Die Türkei braucht ihrem Präsidenten Recep Tayyip Erdogan zufolge einen EU-Beitritt "nicht um jeden Preis". Stattdessen könne sich sein Land einem Sicherheitsblock asiatischer Staaten um China und Russland anschließen. Zur der Shanghaier Organisation für Zusammenarbeit (SCO) mit sechs Mitgliedern gehören Russland und China, zwei Gegengewichte der EU. Das ist nicht nur eine Drohung der Türkei. Denn Ankara wird 2017 das Gastgeberland des “SCO-Energie-Club” sein. Damit wird die Türkei als erstes Nicht-Mitgliedsland dieses Ereignis veranstalten. Seit langem ist die Türkei ein SCO-Dialogpartner. China respektiert die Verstärkung der Zusammenarbeit mit der Türkei.

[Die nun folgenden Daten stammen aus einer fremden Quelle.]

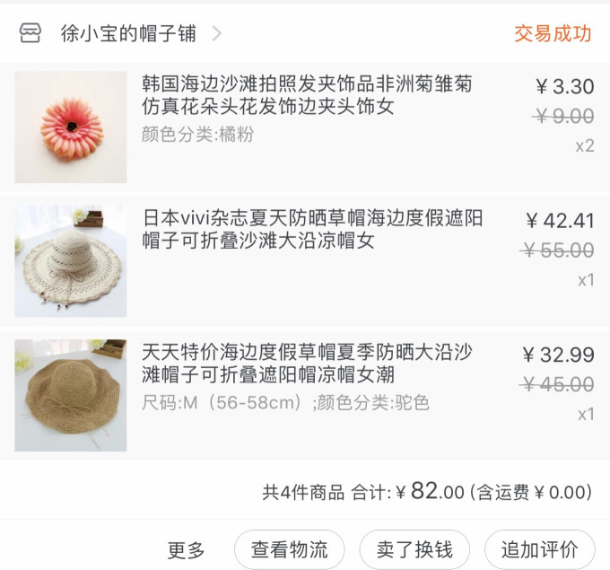 帽子不仅是为了好看,更是防晒。头发也需要保护的,同时还护住了自己的脸xoxo。花是为了凑单买的,之后也没有用到。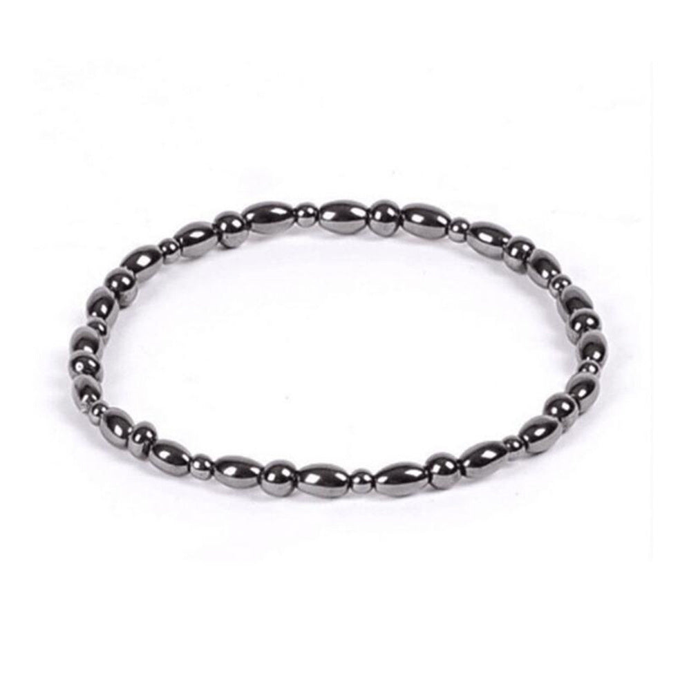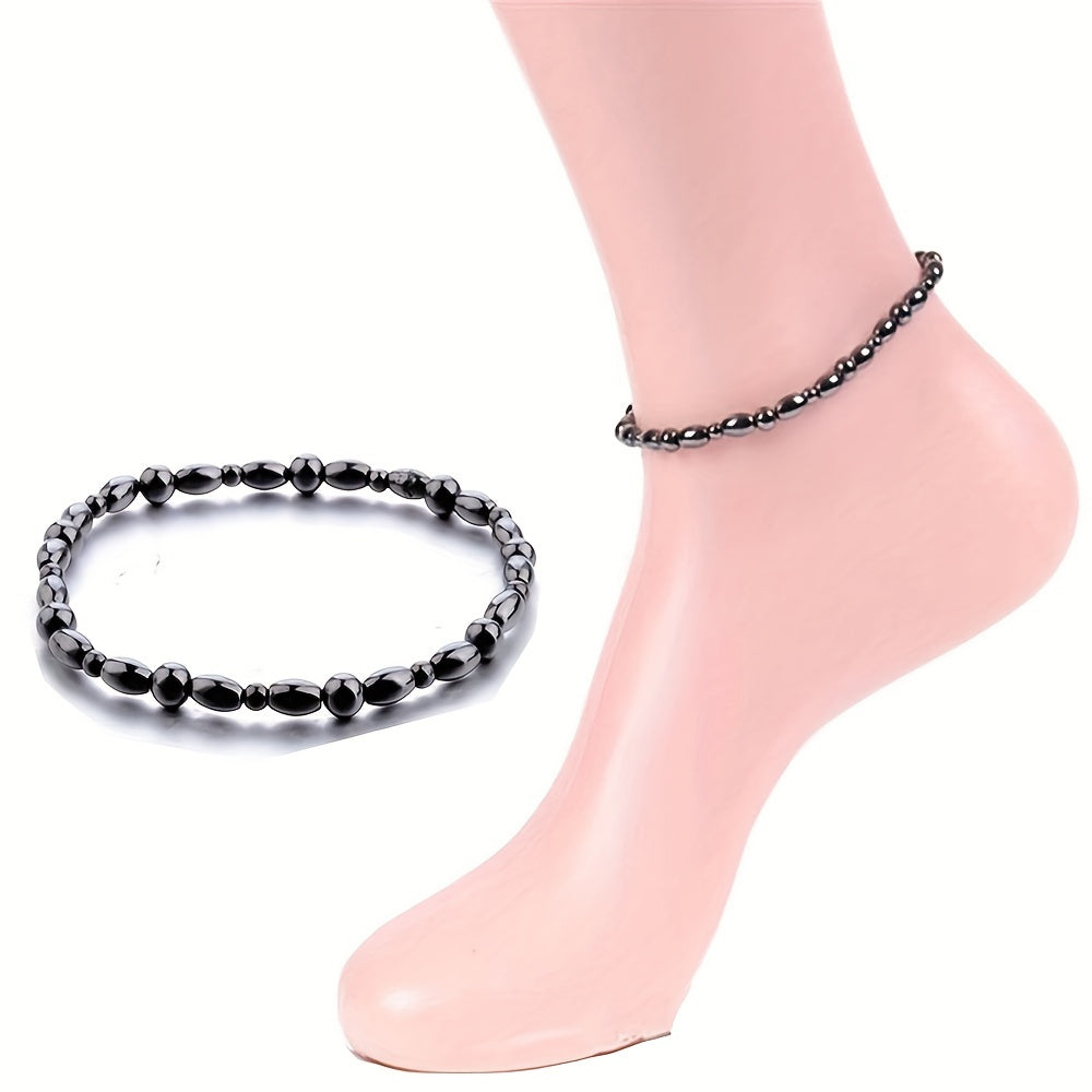 Experience magnetic therapy with this slimming anklet designed with hematite beads. Promotes circulation and may help with pain relief.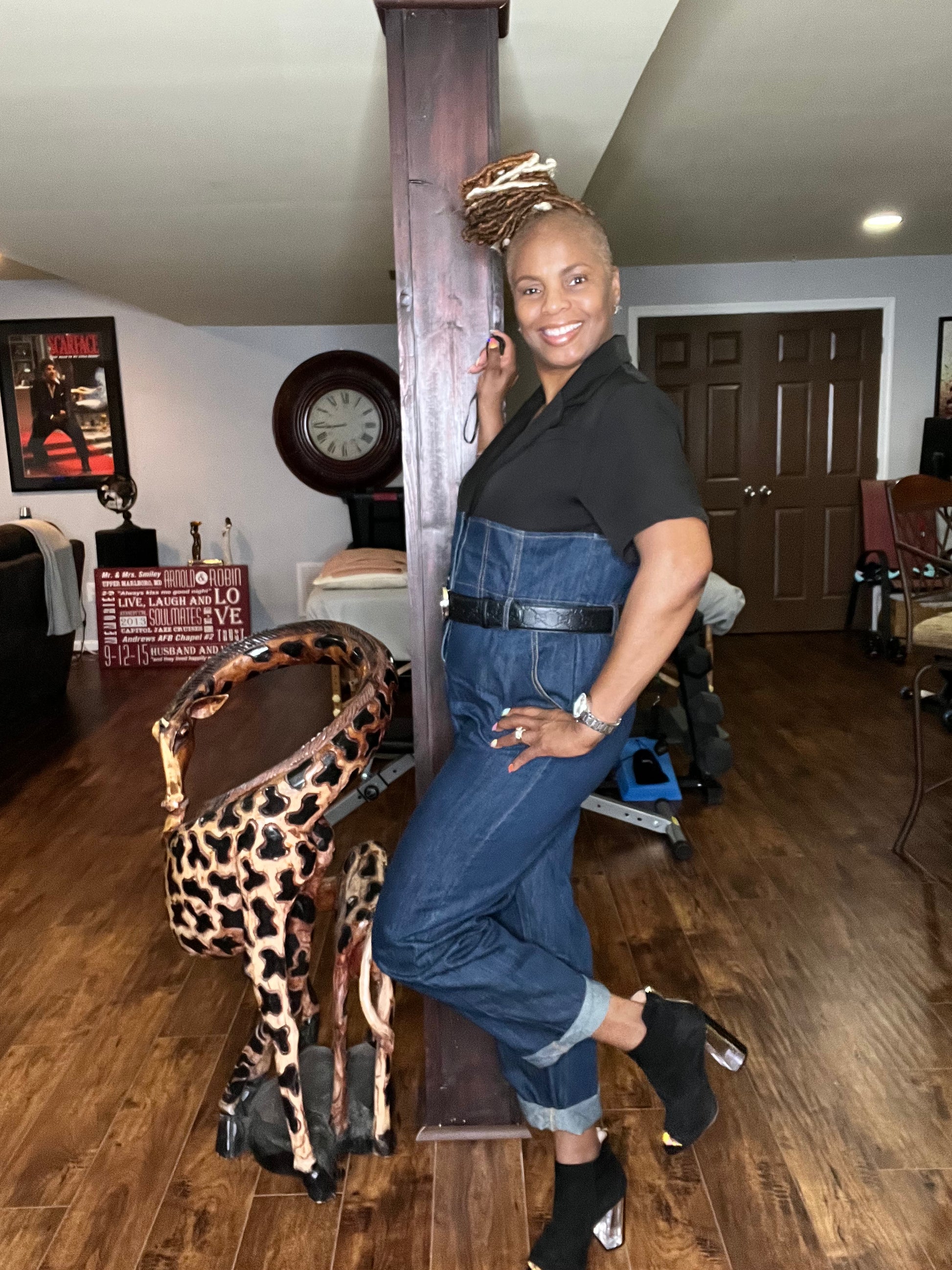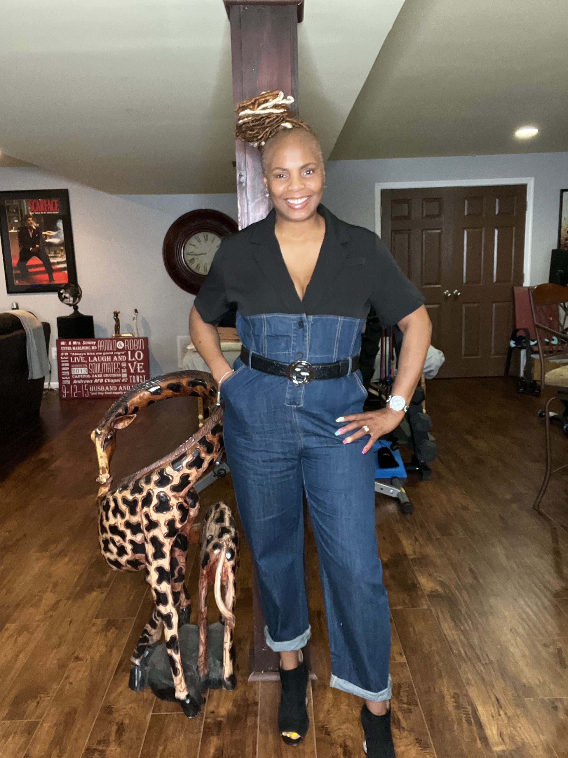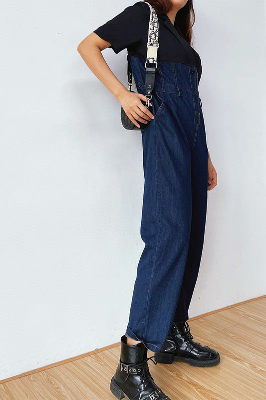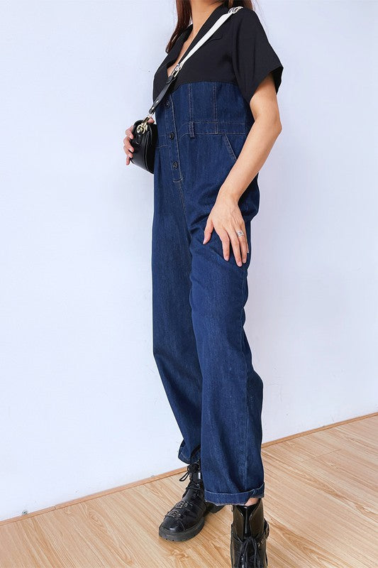 Short sleeve v-neck button down denim jumpsuit. Belt not included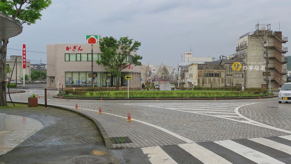 中央島の向こう側の道路(中央通り)の奥に見える傘は1991(平成3)年7月に完成した串木野ドリーム・キャノピー。

Dass die Türkei auf den EU-Beitritt verzichten und der SCO beitreten könnte, wird der EU Sorgen machen. Die Türkei besitzt eine wichtige strategische Position und liegt an der Grenze zur EU. Sollte die EU nicht mit der Türkei zusammenarbeiten, würden weitere Flüchtlingswellen nach Europa strömen. Die EU-Länder wären dadurch nicht in der Lage, die Sicherheit und Ordnung zu gewährleisten. Außerdem verbessern sich die Beziehungen zwischen Ankara und Moskau, nachdem die Türkei russische Langstrecken-Flugabwehrraketen vom Typ S-400 kaufte. Dies wird Europa nachdenklich stimmen.